> WORK REQUIRED
When you copy from the entries that follow, take only the lines from the one with "The bears, like" down to the one with "Three main types", keeping both ends and dropping every picture.

> INFORMATION PROVIDED
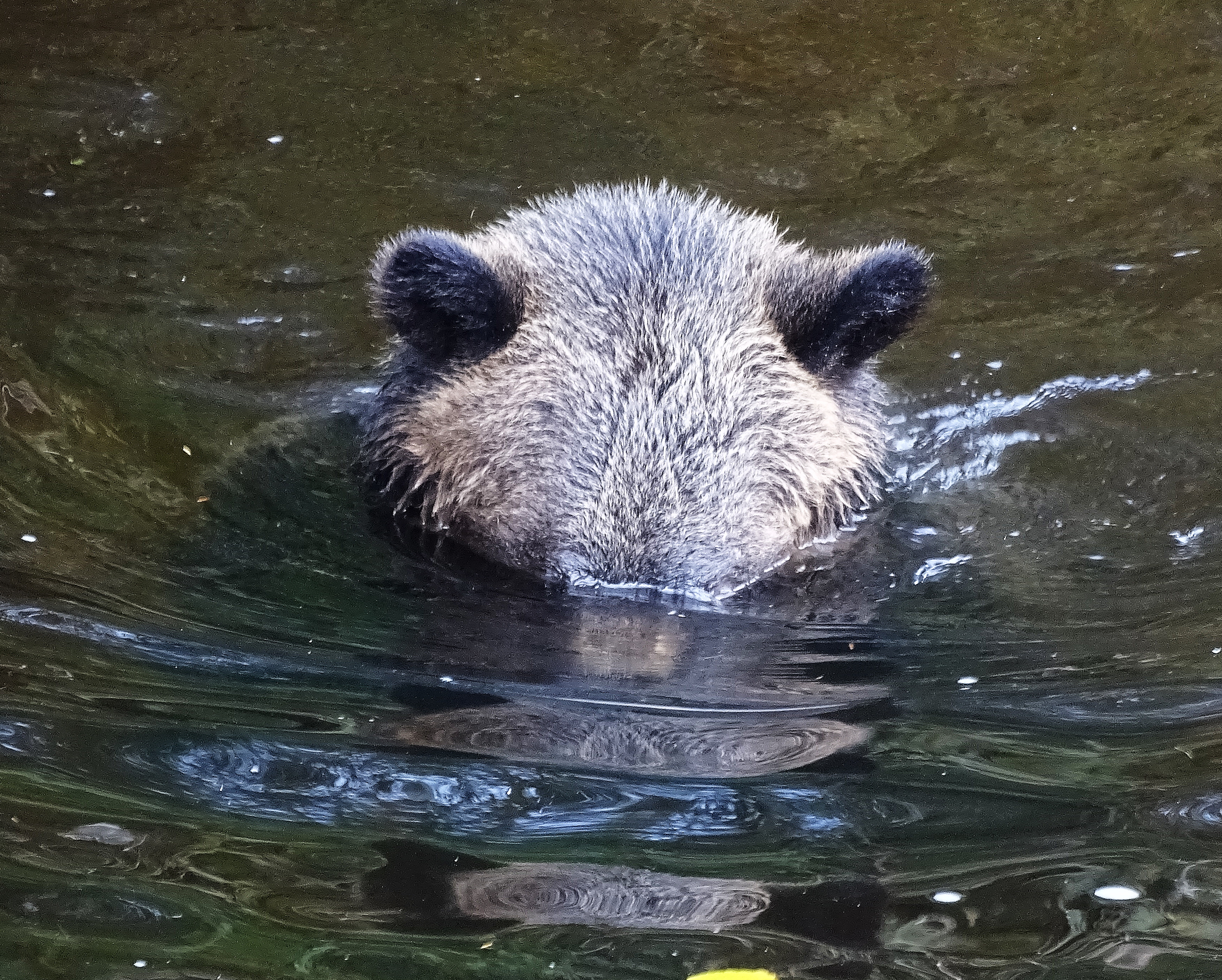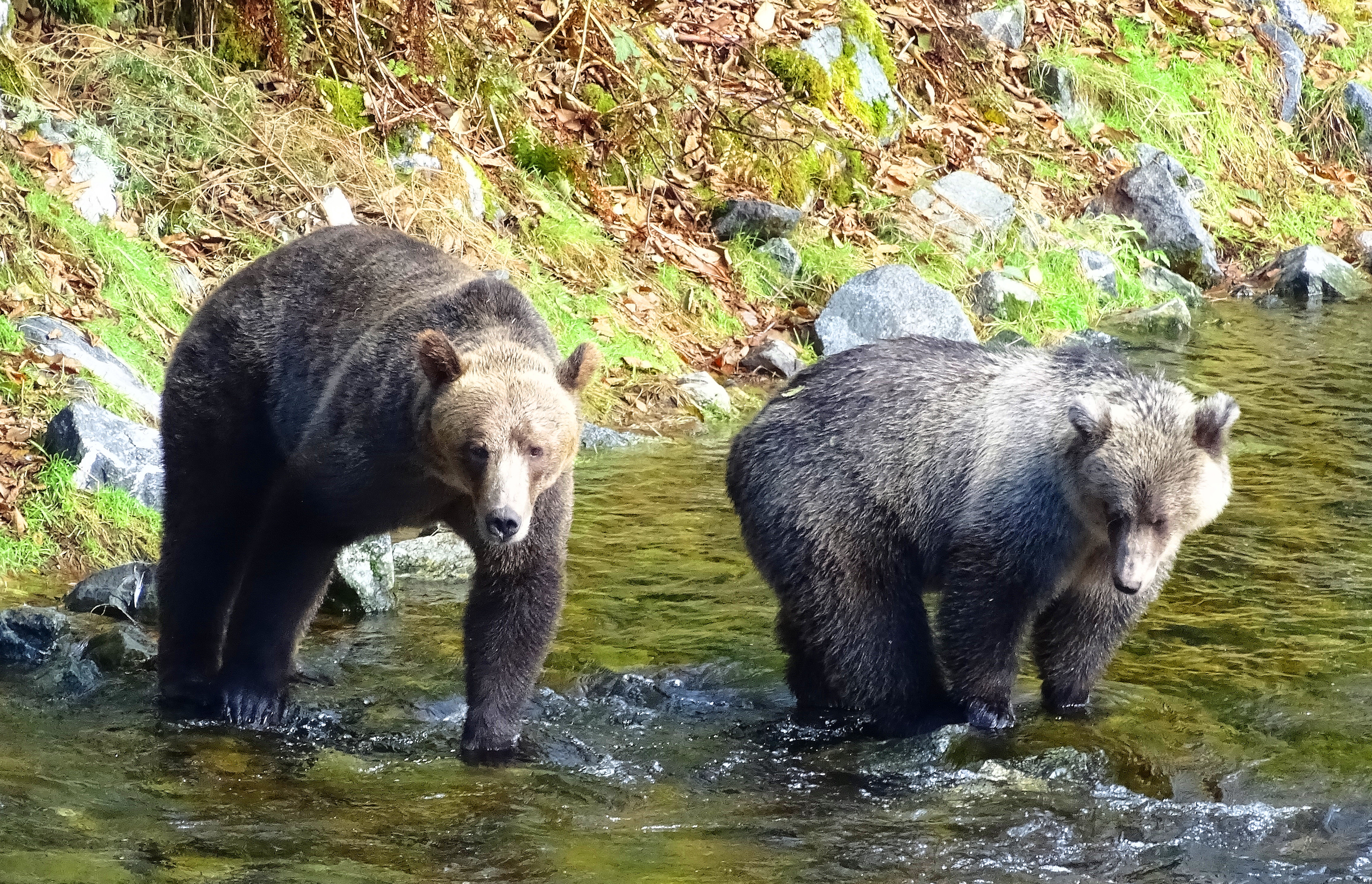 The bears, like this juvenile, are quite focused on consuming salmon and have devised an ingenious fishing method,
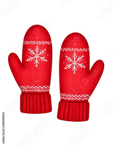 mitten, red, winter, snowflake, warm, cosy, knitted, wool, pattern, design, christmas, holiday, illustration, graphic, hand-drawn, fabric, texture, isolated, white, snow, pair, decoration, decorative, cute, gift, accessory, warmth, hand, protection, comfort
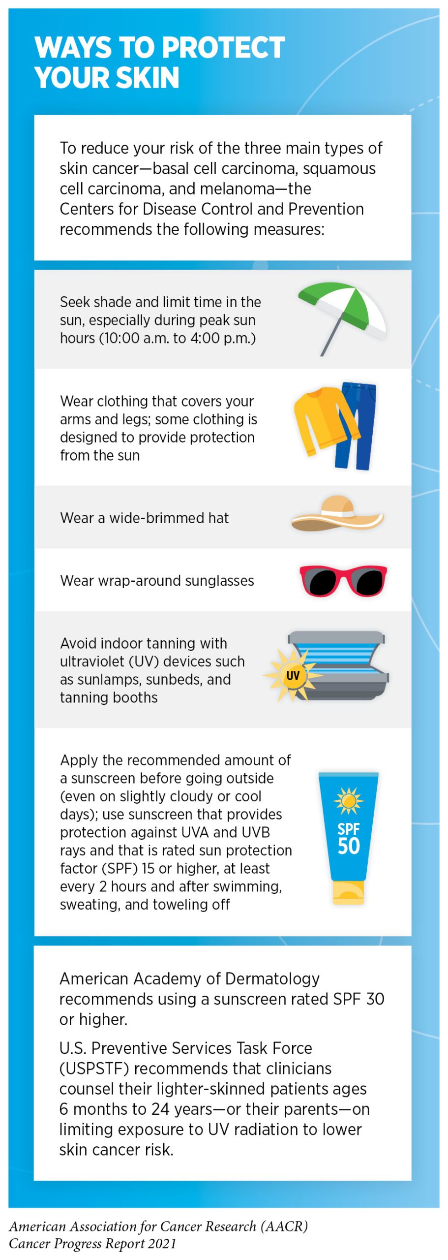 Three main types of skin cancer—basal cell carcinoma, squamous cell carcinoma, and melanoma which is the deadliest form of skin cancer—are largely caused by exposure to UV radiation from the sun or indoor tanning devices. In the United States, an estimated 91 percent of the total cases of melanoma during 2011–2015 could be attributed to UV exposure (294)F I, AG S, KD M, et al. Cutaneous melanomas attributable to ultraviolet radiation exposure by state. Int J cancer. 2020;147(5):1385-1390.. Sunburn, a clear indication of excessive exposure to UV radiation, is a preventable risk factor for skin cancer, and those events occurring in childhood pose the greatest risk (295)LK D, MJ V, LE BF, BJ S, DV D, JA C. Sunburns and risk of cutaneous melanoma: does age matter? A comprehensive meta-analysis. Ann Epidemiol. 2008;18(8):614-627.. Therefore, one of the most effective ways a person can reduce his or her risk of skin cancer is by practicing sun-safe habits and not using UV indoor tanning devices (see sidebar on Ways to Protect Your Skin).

==

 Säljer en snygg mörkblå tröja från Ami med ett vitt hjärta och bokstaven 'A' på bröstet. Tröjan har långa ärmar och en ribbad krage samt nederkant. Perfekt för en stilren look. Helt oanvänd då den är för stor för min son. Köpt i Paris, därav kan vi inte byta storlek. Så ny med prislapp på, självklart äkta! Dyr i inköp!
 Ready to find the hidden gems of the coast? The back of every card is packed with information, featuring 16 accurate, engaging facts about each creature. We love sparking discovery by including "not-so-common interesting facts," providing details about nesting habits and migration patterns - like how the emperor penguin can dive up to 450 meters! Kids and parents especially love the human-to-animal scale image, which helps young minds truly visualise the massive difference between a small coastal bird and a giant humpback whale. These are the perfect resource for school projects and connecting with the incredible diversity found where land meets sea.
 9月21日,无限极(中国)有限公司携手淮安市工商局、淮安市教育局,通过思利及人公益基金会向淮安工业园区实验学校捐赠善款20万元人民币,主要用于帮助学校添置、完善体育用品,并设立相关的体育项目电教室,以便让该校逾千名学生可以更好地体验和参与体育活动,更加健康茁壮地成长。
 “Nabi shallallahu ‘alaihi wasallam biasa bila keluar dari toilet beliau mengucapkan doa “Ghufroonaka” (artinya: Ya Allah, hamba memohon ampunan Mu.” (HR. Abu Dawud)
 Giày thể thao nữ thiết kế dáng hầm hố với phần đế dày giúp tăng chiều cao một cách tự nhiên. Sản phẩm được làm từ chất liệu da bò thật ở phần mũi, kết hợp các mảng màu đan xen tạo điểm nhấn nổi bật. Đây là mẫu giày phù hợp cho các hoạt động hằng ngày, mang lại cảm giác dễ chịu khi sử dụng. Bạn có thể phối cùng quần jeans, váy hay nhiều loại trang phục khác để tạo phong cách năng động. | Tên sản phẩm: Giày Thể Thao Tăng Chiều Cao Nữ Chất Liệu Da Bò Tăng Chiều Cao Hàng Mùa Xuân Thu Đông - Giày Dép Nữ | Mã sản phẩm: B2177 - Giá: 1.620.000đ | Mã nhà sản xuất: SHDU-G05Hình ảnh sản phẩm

* * *

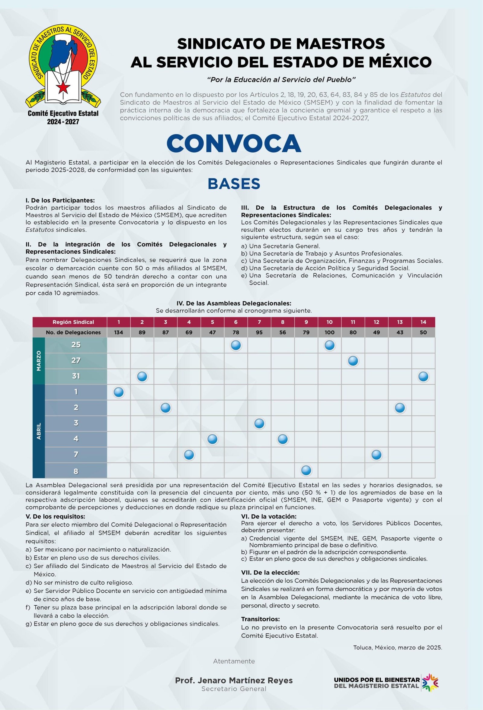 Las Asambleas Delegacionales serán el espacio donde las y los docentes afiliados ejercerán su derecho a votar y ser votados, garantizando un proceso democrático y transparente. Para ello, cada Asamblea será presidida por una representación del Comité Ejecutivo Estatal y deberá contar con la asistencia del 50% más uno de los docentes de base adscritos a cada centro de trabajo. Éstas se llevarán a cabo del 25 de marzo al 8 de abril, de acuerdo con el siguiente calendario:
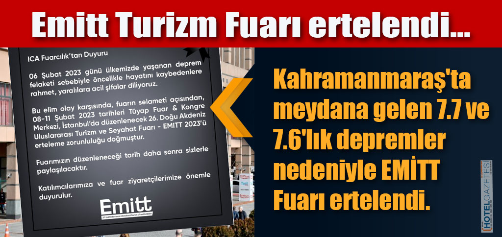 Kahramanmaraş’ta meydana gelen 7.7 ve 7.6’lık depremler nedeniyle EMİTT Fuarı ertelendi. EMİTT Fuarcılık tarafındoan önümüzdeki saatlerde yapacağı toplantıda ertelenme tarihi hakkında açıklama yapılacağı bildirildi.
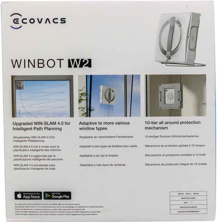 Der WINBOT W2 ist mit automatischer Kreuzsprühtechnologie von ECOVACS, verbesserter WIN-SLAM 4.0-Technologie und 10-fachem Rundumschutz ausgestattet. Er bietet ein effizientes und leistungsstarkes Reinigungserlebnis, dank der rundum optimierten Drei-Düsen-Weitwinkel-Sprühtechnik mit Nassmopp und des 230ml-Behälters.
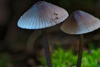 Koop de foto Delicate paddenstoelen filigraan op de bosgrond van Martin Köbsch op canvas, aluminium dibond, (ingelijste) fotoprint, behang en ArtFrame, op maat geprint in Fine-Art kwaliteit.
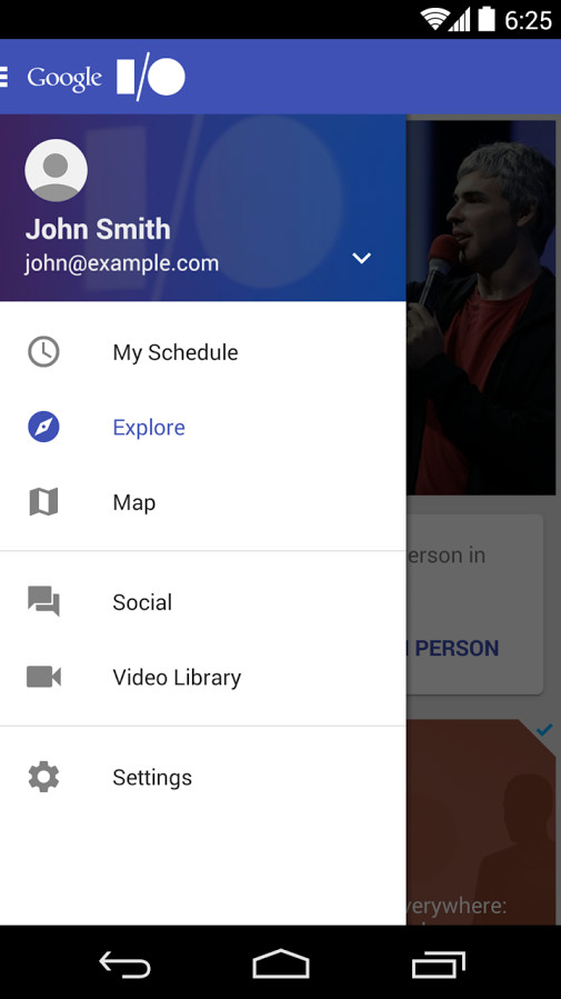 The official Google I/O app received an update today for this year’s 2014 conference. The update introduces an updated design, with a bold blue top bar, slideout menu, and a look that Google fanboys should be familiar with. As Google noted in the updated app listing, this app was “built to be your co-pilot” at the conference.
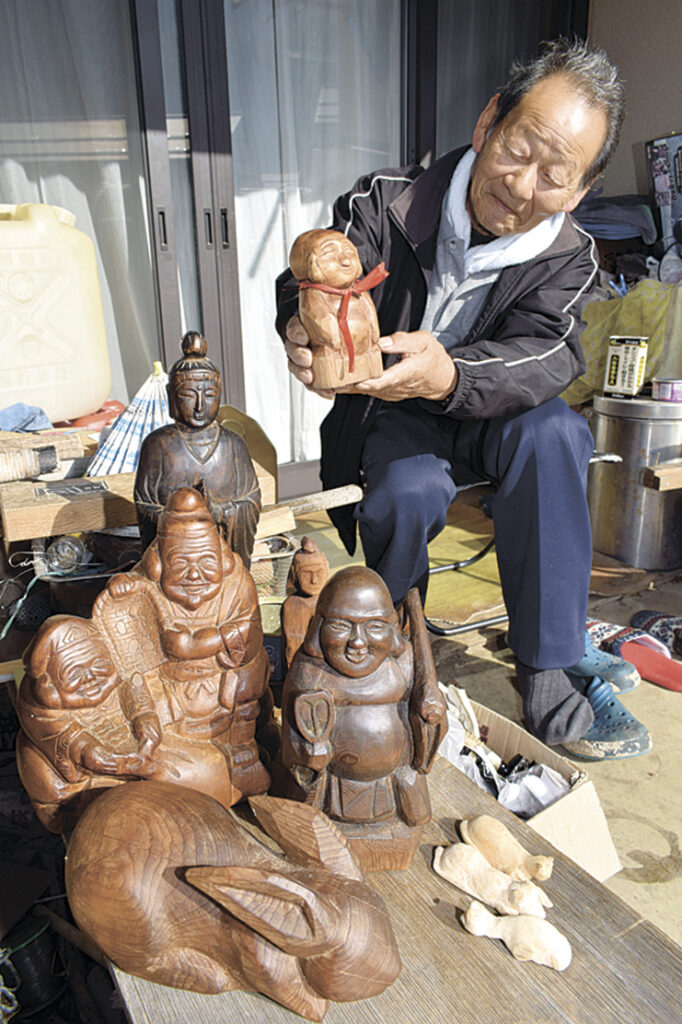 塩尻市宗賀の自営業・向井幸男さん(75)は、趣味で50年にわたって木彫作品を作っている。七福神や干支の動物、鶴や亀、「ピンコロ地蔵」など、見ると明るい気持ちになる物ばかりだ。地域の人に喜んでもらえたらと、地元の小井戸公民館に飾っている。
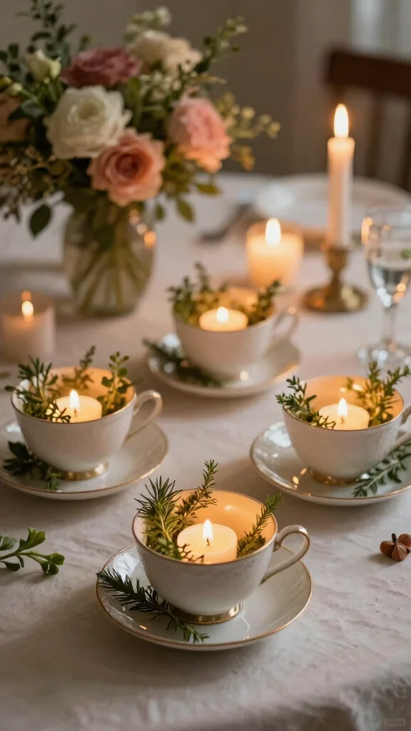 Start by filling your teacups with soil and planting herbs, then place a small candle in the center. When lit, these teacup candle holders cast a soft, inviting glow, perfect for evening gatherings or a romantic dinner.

> WRITTEN SOLUTION
 The bears, like this juvenile, are quite focused on consuming salmon and have devised an ingenious fishing method,
 mitten, red, winter, snowflake, warm, cosy, knitted, wool, pattern, design, christmas, holiday, illustration, graphic, hand-drawn, fabric, texture, isolated, white, snow, pair, decoration, decorative, cute, gift, accessory, warmth, hand, protection, comfort
 Three main types of skin cancer—basal cell carcinoma, squamous cell carcinoma, and melanoma which is the deadliest form of skin cancer—are largely caused by exposure to UV radiation from the sun or indoor tanning devices. In the United States, an estimated 91 percent of the total cases of melanoma during 2011–2015 could be attributed to UV exposure (294)F I, AG S, KD M, et al. Cutaneous melanomas attributable to ultraviolet radiation exposure by state. Int J cancer. 2020;147(5):1385-1390.. Sunburn, a clear indication of excessive exposure to UV radiation, is a preventable risk factor for skin cancer, and those events occurring in childhood pose the greatest risk (295)LK D, MJ V, LE BF, BJ S, DV D, JA C. Sunburns and risk of cutaneous melanoma: does age matter? A comprehensive meta-analysis. Ann Epidemiol. 2008;18(8):614-627.. Therefore, one of the most effective ways a person can reduce his or her risk of skin cancer is by practicing sun-safe habits and not using UV indoor tanning devices (see sidebar on Ways to Protect Your Skin).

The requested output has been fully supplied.